Barr was fired from "Roseanne" — which was subsequently canceled — after she posted an inflammatory tweet about former Obama aide Valerie Jarrett. This new series is a continuation of the reboot, with the same cast.
MY SAY As a condition to see a screener of the most anticipated new series of the season before Tuesday's launch, ABC required that critics "will not discuss, imply or in any other way reveal what happens to the character of Roseanne Conner in the new series."
Fair enough. No spoilers or implications, but use your imaginations instead: How do major characters typically leave major series? Fly off to Tahiti? (Hey, it could happen.) But it almost doesn't matter how Roseanne's character was written out of the show that once bore her name. What matters is what, or rather who, remains, specifically the other characters, writers and directors of "Roseanne," now "The Conners." They must fill the void, and they do, for the most part skillfully. After watching these first couple of episodes, the character of Roseanne Conner is fully and ineradicably expunged. Not even a ghost image remains for viewers to feel nostalgic over.
Not that brittle, contemptuous Roseanne Conner — whether here in the flesh or absent — was someone to feel nostalgic over. She wasn't. "Roseanne" was always about the here and now, anyway, and about how working class people slay the indignities of daily life with gallows humor. The indignities and gallows humor remain. That should be enough to sustain "The Conners."

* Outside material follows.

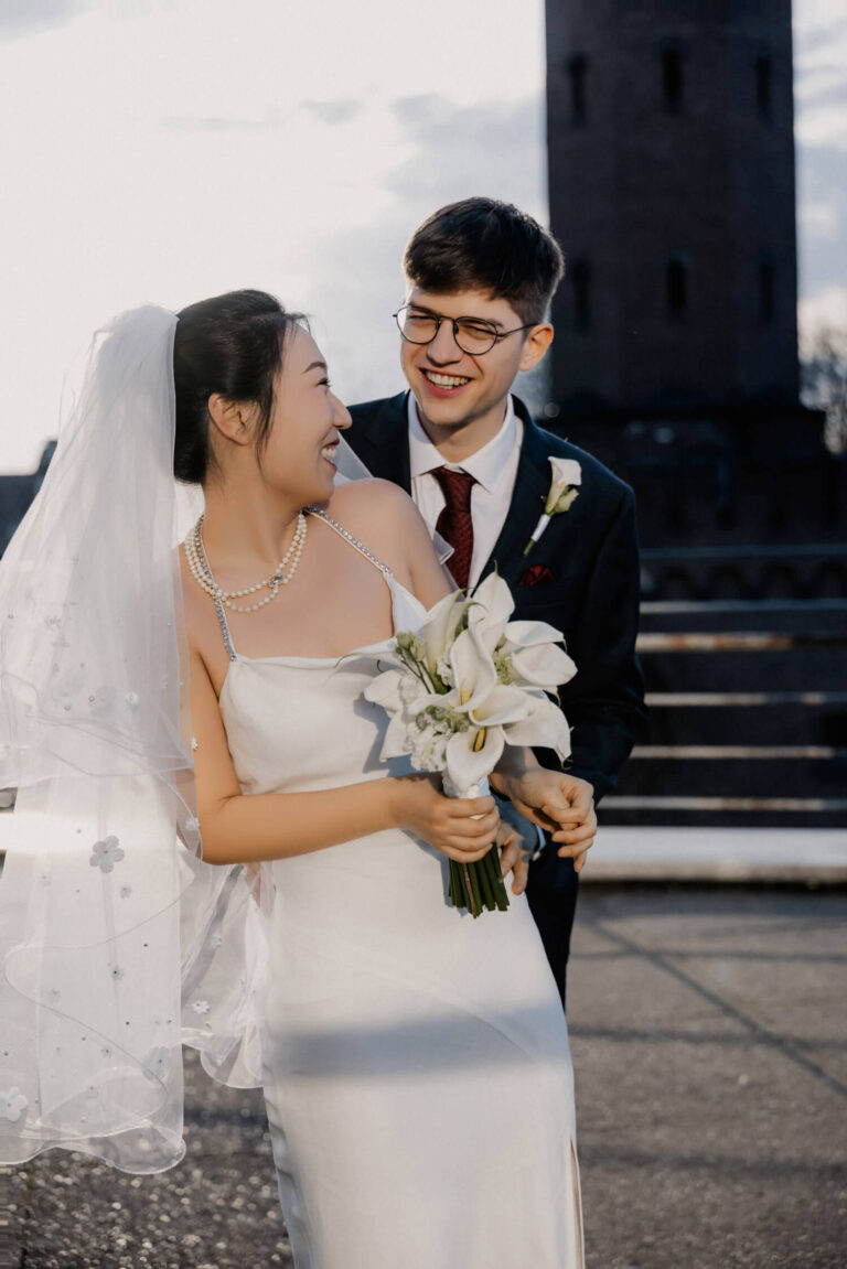 Am Nachmittag zog es uns zum Medienhafen Düsseldorf, wo wir weitere zauberhafte Brautpaarfotos machten. Die moderne Architektur und das urbane Flair dieser Location boten die perfekte Kulisse für unvergessliche Hochzeitsbilder. Als Hochzeitsfotograf im Medienhafen Düsseldorf schätze ich besonders die einzigartige Atmosphäre, die ich in authentischen und emotionalen Aufnahmen einfangen kann.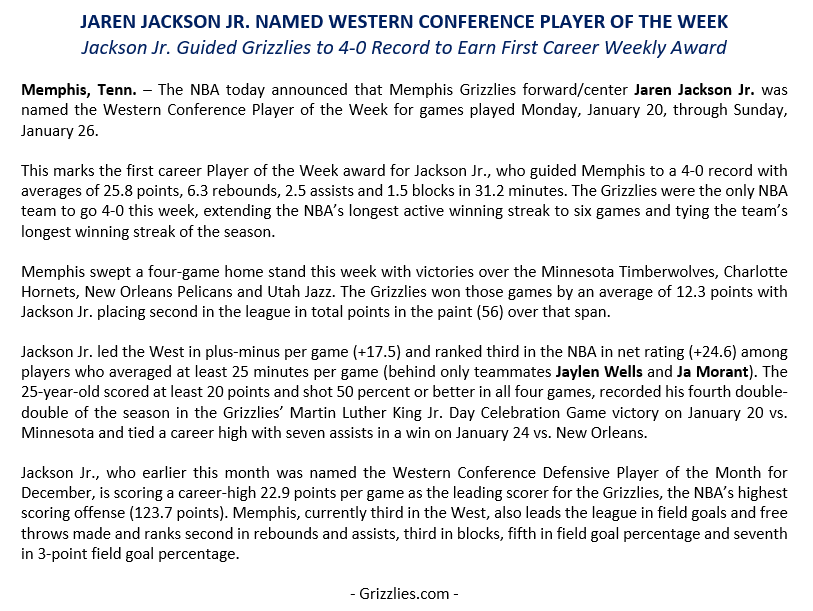 This marks the first career Player of the Week award for Jackson Jr., who guided @memgrizz to a 4-0 record. pic.x.com/xqj0Z4523n – 3:31 PM

In some respects, this new show is better than the reboot. If these two episodes are at all representative, "The Conners" has completely excised politics. Politics was both the Achilles' heel and worst part of the "Roseanne" reboot, which — from the opening episode — turned the Conner household into a red state/blue state battlefield where blood was spilled. In those pitched moments, it was fingernails across the blackboard and about as relaxing — or illuminating — as a cable news shoutfest.
"The Conners," instead, gets back to real life where it belongs. How will Becky make some extra cash? When will Darlene start dating again? Harris is 16 and old enough to get in trouble with boys. Will she? Mark too is exploring his sexual orientation. What challenges does that pose in hardscrabble Langford?
As you watch these episodes, another thought just may present itself too: The best part of "Roseanne" was never really Roseanne at all, but the constellation of characters who surrounded her, most importantly Darlene, Jackie and (above all) Dan. Without Goodman, this reboot of a reboot never stood a chance. It does now. And with the end of "The Big Bang Theory" next May, Galecki just might be turning up a little more frequently too. That could help even more.
And so, farewell, Roseanne. You will be missed. Just not for long.
BOTTOM LINE "The Conners" skillfully picks up where "Roseanne" left off and even manages to improve on the predecessor.